Ventura
County’s Home Market For June
Just as we predicted in
January, home prices are rising quickly. We have been hoping for a larger
inventory of homes in order to help our buyers, but this is just not happening
in much of Ventura County. Across the USA,
home prices are still an average 25 percent lower than at the height of the
market in 2007/2008. This means there
are still a large number of people who are upside down on their home values and
cannot afford to put their homes on the market quite yet. As a result we simply
do not have enough homes to show our prospective home buyers.
Low inventory and strong
demand are fueling double digit price increases. In various California markets
we have seen greater than 20 percent price increases over the previous 12
months. According to MLS Listings Incorporated, home
prices rose 47 percent in Oakland and 45 percent in Santa Barbara from April’12
to April’13. The Santa Clara County – better known as Silicon Valley - has seen the median single family home price
rise to $795,000. This is near the all time peak of $850,000 set just before
the crash.
Ventura County,
especially East Ventura County has experienced very strong growth with a bit
more inventory coming to market than earlier this year. Once a home gets to market, our buyers have to
compete with multiple offers from other buyers and investors. Typically we have
a 2 or 3 day response time to find a new home, view it, and write an offer
before an offer is picked and accepted by the Sellers. Our Current market
resembles the 2006 market where people were writing offers on the hood of their
car after viewing a home.
Interest rates have now
begun to trend upwards and rose for the
third week in a row. Three weeks ago, they rose from 3.42 to 3.51 for a 30 year
fixed. Then the rate went to 3.59 for the week ending May 23rd. We don’t see
any near term trend changes here. Home prices are going up and that is
inflationary by itself, but our national economy is also improving. A few more
jobs and an improving stock market are also contributing to housing demand.
Just as an aside, your
family credit history has a huge impact on your ability to get a home loan.

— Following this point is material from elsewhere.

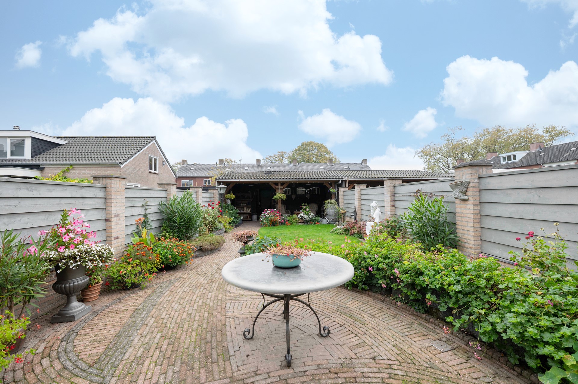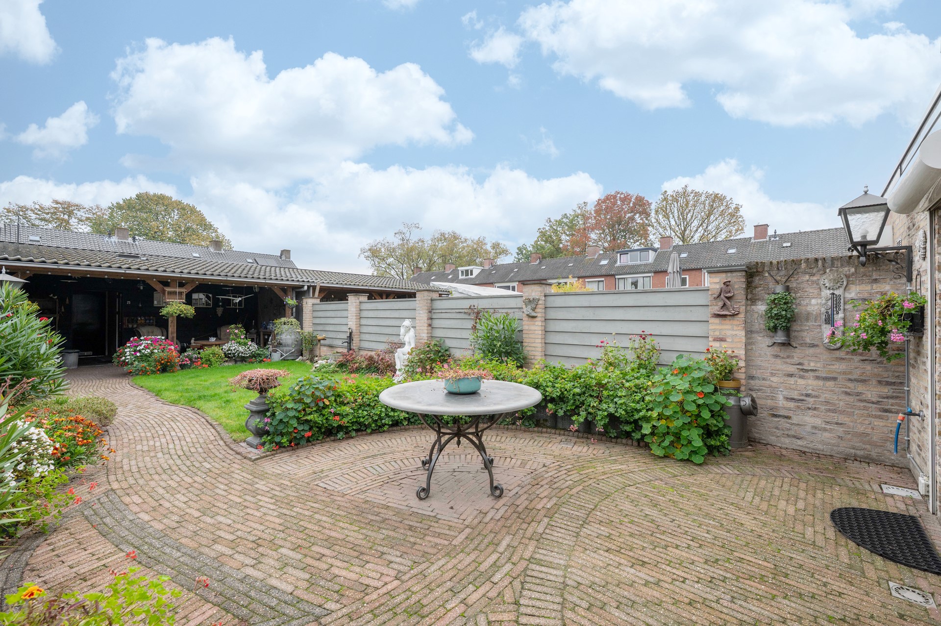 Aan de achterzijde ligt een heerlijk zonnige tuin, met een royale overkapping waar je tot laat in het seizoen buiten kunt zitten, genieten van een goed boek of BBQ met vrienden. Verder vind je achterin een stenen berging die plaats biedt aan fietsen, tuingereedschap en meer. Daarnaast is er een handige achterom, ideaal om via de achterzijde het huis te betreden met fietsen of containers.
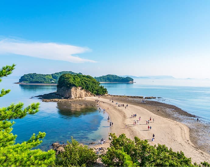 Mit seinen zahlreichen Naturwundern und einem aufregenden Wasserpark strotzt Japans kleinste Präfektur vor Erlebnissen. Machen Sie einen Spaziergang im 400 Jahre alten Ritsurin-Park auf einem Pfad, auf dem einst die feudalen Fürsten entlangschritten. Oder gehen Sie Hand in Hand über die mysteriöse Angel Road – eine 500 Meter lange Sandbank, die nur zweimal täglich aus den Fluten auftaucht. Das soll die ewige Liebe bringen. Anschließend probieren Sie „Sanuki Udon“, die berühmten quadratischen Nudeln von Kagawa, die den früheren Namen der Präfektur tragen. Kagawa ist ein magischer Ort für Familien und Paare.

Most people don’t spend enough time reviewing their records for mistakes or for
possible identity theft issues. Credit accuracy is a huge concern, and while better
than a few years ago, Buyers often find discrepancies on their reports which
need to be corrected before the loan process begins. You won’t have time to do
this once an offer is on the table competing for the Sellers approval.
The only Federally Sanctioned
free credit reporting website is www.AnnualCreditReport.com . Here you can get a
free copy of your report from each of the three major credit reporting agencies
each year. According to FindLaw
A Thomson Reuters Business www.FindLaw.com -
22 percent of Americans
have never even seen their credit report!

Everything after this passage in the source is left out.